A habitable moon of a giant planet could orbit it close enough that the giant planet would appear enormous in the sky of the moon, just as the giant planets in our solar system appear enormous in the skies of their inner moons.
And if that giant planet has two or more giant, habitable moons orbiting it, the life forms on each of the habitable moons would not only see the giant planet occupying a large part of their sky, but also see the other large moon (or moons) as sometimes a mere dot of light, and sometimes when closer possibly appearing several times as large as Earth's Moon.
There have been many other questions about possible Earth sized habitable moons of gas giant planets.
I have answered a number of those questions.
Here is a link to a previous question and my answer to that question includes a link to a question and answer which has links to previous questions and answers.
What are the day and night fluctuations for a moon orbiting a planet the size of Jupiter?1
The article "Exomoon Habitability Constrained by Illumination and Tidal heating" by Rene Heller and Roy Barnes, Astrobiology, January 2013, discusses factors affecting the habitability of exomoons.
https://www.ncbi.nlm.nih.gov/pmc/articles/PMC3549631/2
SIX:
The distances between planets in our Solar System are so vast that no planet can be seen as more than a dot of light from another planet. And it might be assumed that all other planetary systems would be similar.
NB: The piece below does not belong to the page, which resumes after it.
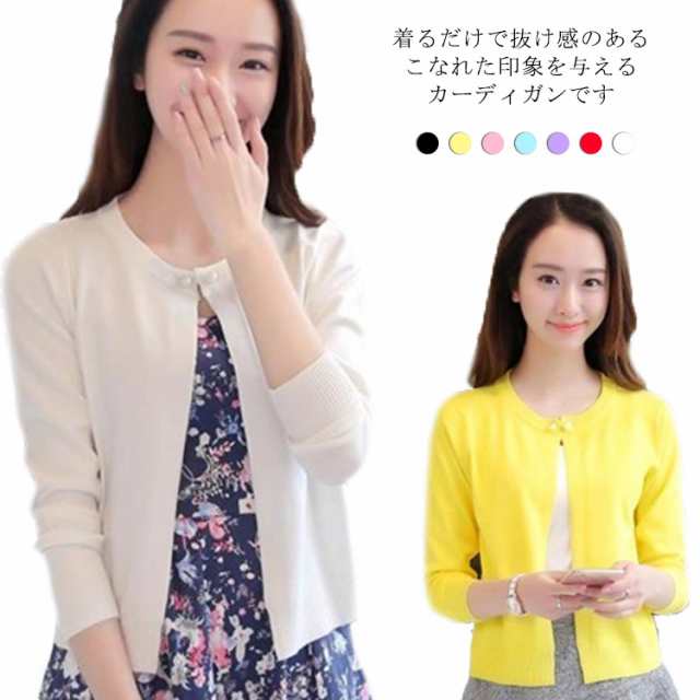 レディース カーディガン カラフル 春夏 冷房対策 冷え対策 全7色 ボレロ パールボタン クルーネック ニット 羽織り お洒落 薄手 無地 ショート丈 キレイめ 送料無料

But astronomers have now discovered a little more than four thousand planets orbiting other stars, some of them in systems with more than one known planet. And there are some systems where the distances between planetary orbits are many times greater than in our system, and some other systems where the distances between planetary orbits are many times smaller than in our system.
In the Kepler-70 system, the orbits of Kepler-70a and Kepler-70b are so close that:
During closest approach, Kepler-70c would appear 5 times the size of the Moon in Kepler-70b's sky.
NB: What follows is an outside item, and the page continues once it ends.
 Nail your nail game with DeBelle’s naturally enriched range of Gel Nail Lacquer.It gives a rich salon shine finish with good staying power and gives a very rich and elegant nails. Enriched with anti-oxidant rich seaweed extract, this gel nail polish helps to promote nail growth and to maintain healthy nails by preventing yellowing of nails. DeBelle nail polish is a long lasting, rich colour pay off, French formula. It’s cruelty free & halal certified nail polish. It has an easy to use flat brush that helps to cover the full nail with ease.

https://en.wikipedia.org/wiki/List_of_exoplanet_extremes3
Among potentially habitable exoplanets, exoplanets that orbit in the habitable zones of their stars, the potentially habitable planets in the TRAPPIST-1 system orbit closest to each other.
https://en.wikipedia.org/wiki/List_of_potentially_habitable_exoplanets4
The orbits of the TRAPPIST-1 planetary system are very flat and compact. All seven of TRAPPIST-1's planets orbit much closer than Mercury orbits the Sun. Except for b, they orbit farther than the Galilean satellites do around Jupiter,[41] but closer than most of the other moons of Jupiter. The distance between the orbits of b and c is only 1.6 times the distance between the Earth and the Moon. The planets should appear prominently in each other's skies, in some cases appearing several times larger than the Moon appears from Earth.[40] A year on the closest planet passes in only 1.5 Earth days, while the seventh planet's year passes in only 18.8 days.[37][34]
https://en.wikipedia.org/wiki/TRAPPIST-15
SEVEN:
Added August 12, 2019:
I have just found a discussion of another type of planetary configuration where a large planet and a small planet could sometimes be close enough that each would appear as a disc or orb in the skies of the other planet. At Sean Raymond's PlanetPlanet site, is this post:
https://planetplanet.net/2018/07/02/horseshoe-planetary-system/6
About so-called "horseshoe orbits". An Earth like planet in a horseshoe orbit relative to a second planet could periodically approach the second planet close enough that during the period of closest approach the other planet would appear as large as the Moon does from Earth.